> [Data supplied]:
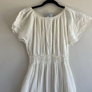 Apiece Apart Women's Sz 2 Smocked Waist Midi Dress Ivory Cottage Core Gauze
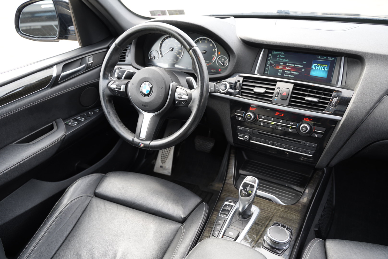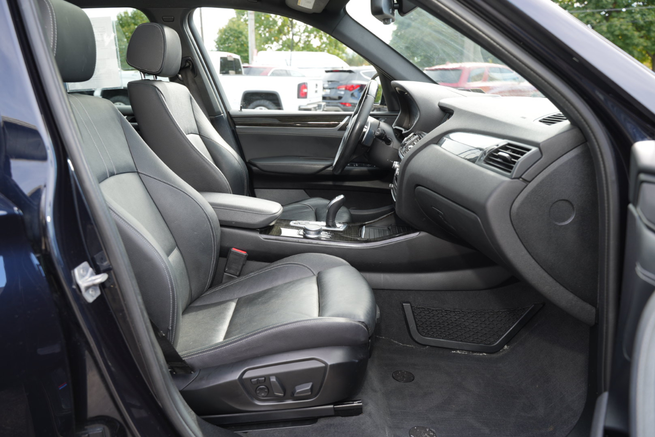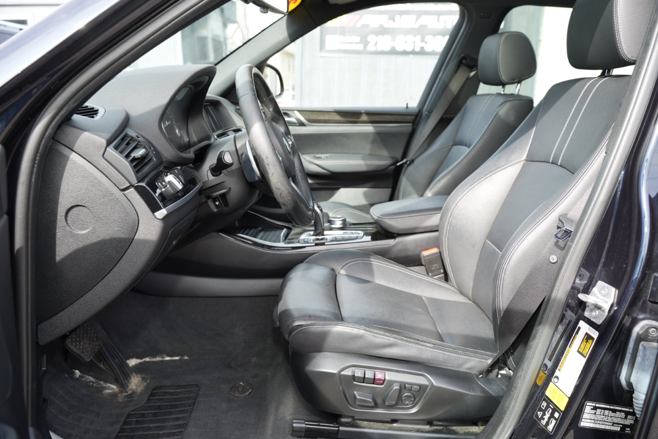 ARJ'S AUTO SALES IS PROUD TO PRESENT THIS 2017 BMW X3 XDRIVE28i AWD! GREAT CONDITION AND WELL MAINTAINED WITH A CLEAN CARFAX HISTORY!! THE MIDNIGHT BLUE METALLIC EXTERIOR WITH M PERFORMANCE ACCENTS OPENS TO THE WELL EQUIPPED CHARCOAL BLACK LEATHER INTERIOR WITH DARK OYSTER ACCENTS. EQUIPPED WITH A MOONROOF, KEYLESS ENTRY, HEATED FRONT SEATS, NAVIGATION, PREMIUM AUDIO FEATURING XM SATELLITE RADIO WITH STEREO CONTROLS ON THE STEERING WHEEL, PUSH BUTTON START, POWER WINDOWS, LOCKS AND MIRRORS, CD, AND CRUISE. THE 2.0L 4CYL ENGINE PAIRS WITH AN EIGHT SPEED AUTO TO GIVE YOU FUEL ECONOMY AND AMPLE POWER. THE SHARP M SPORT ALLOY WHEELS HAVE LIKE NEW PERFORMANCE TIRES AS WELL COUPLED WITH AUTOMATIC AWD.
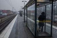 Väntan i Täby kyrkby En person väntar på tåget på Täby kyrkby station
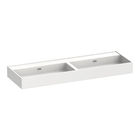 BRAUER Gravity wastafel 140x46cm - 2 wasbakken - 0 of 2 kraangat - mineraalmarmer - zijdeglans wit
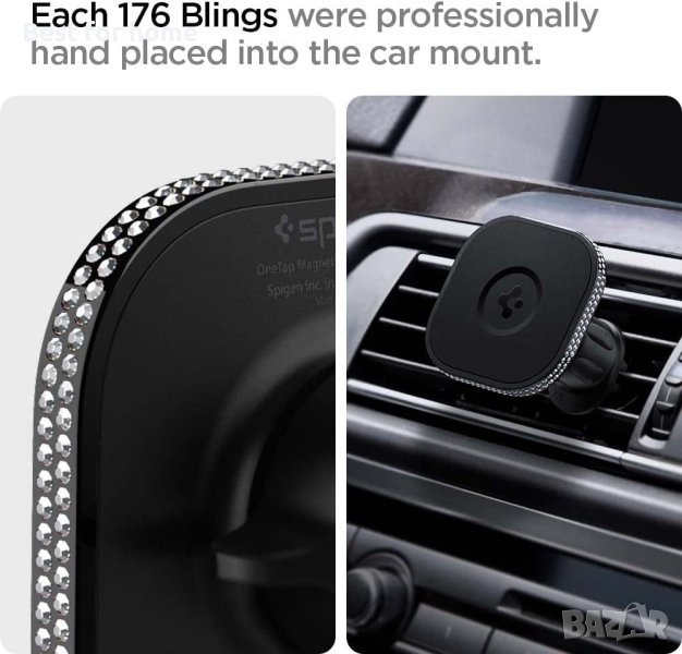 Spigen OneTap Bling (MagFit) Проектиран за Magsafe Car Vent Mount Ръчно поставени 176 Bling кристали Съвместими с iPhone 14,13,12 серия (магнитно левитиране на iPhone 14, 13,12 серия)
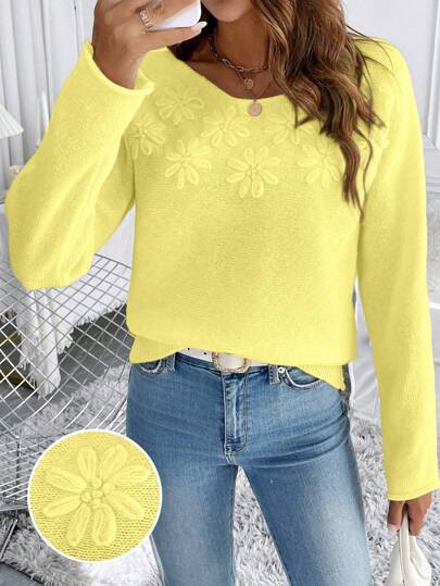 Chiquease 圆领纯色长袖基本款套头衫、休闲装、长袖上衣 - 芥末黃 - 查看 1
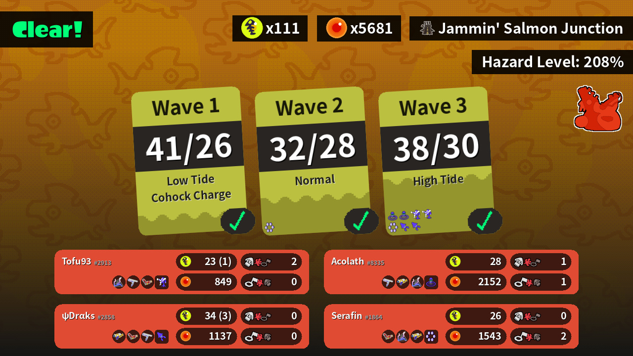 | Weapons | Slosher Big Swig Roller Hydra Splatling | Splattershot Hydra Splatling Big Swig Roller | Big Swig Roller Splattershot Slosher | Hydra Splatling Slosher Splattershot |
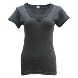 Womens Merino Wool Top Pants Thermal Leggings Long Johns Underwear Pajamas, Women's Short Sleeve - Black, 16-18
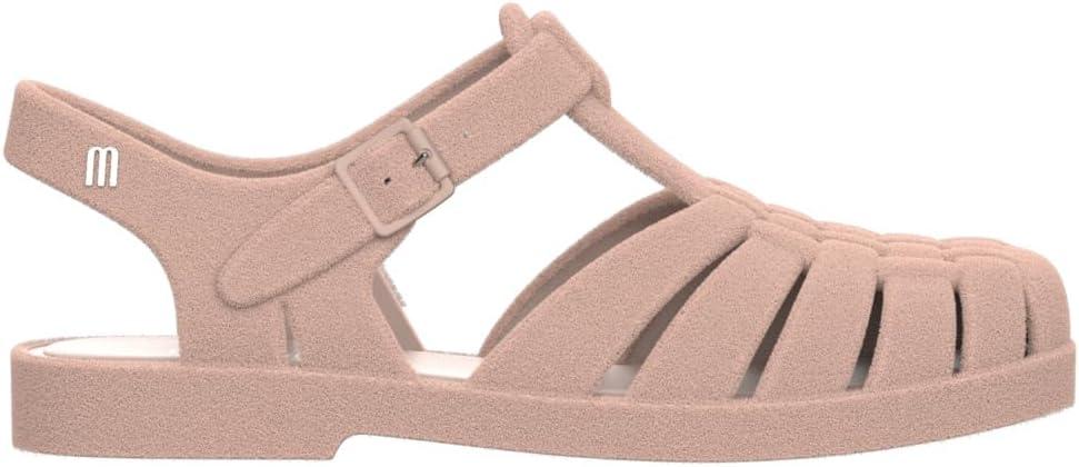 Melissa Possession Jelly Sandals for Women – The Original Jelly Shoes, Fisherman’s Sandals with Adjustable Strap and Side Buckle(Light Pink Flocked)

> [Work instruction]: Repeat the material above word for word; no images go in the copy.

> [Answer space]:
 Apiece Apart Women's Sz 2 Smocked Waist Midi Dress Ivory Cottage Core Gauze
 ARJ'S AUTO SALES IS PROUD TO PRESENT THIS 2017 BMW X3 XDRIVE28i AWD! GREAT CONDITION AND WELL MAINTAINED WITH A CLEAN CARFAX HISTORY!! THE MIDNIGHT BLUE METALLIC EXTERIOR WITH M PERFORMANCE ACCENTS OPENS TO THE WELL EQUIPPED CHARCOAL BLACK LEATHER INTERIOR WITH DARK OYSTER ACCENTS. EQUIPPED WITH A MOONROOF, KEYLESS ENTRY, HEATED FRONT SEATS, NAVIGATION, PREMIUM AUDIO FEATURING XM SATELLITE RADIO WITH STEREO CONTROLS ON THE STEERING WHEEL, PUSH BUTTON START, POWER WINDOWS, LOCKS AND MIRRORS, CD, AND CRUISE. THE 2.0L 4CYL ENGINE PAIRS WITH AN EIGHT SPEED AUTO TO GIVE YOU FUEL ECONOMY AND AMPLE POWER. THE SHARP M SPORT ALLOY WHEELS HAVE LIKE NEW PERFORMANCE TIRES AS WELL COUPLED WITH AUTOMATIC AWD.
 Väntan i Täby kyrkby En person väntar på tåget på Täby kyrkby station
 BRAUER Gravity wastafel 140x46cm - 2 wasbakken - 0 of 2 kraangat - mineraalmarmer - zijdeglans wit
 Spigen OneTap Bling (MagFit) Проектиран за Magsafe Car Vent Mount Ръчно поставени 176 Bling кристали Съвместими с iPhone 14,13,12 серия (магнитно левитиране на iPhone 14, 13,12 серия)
 Chiquease 圆领纯色长袖基本款套头衫、休闲装、长袖上衣 - 芥末黃 - 查看 1
 | Weapons | Slosher Big Swig Roller Hydra Splatling | Splattershot Hydra Splatling Big Swig Roller | Big Swig Roller Splattershot Slosher | Hydra Splatling Slosher Splattershot |
 Womens Merino Wool Top Pants Thermal Leggings Long Johns Underwear Pajamas, Women's Short Sleeve - Black, 16-18
 Melissa Possession Jelly Sandals for Women – The Original Jelly Shoes, Fisherman’s Sandals with Adjustable Strap and Side Buckle(Light Pink Flocked)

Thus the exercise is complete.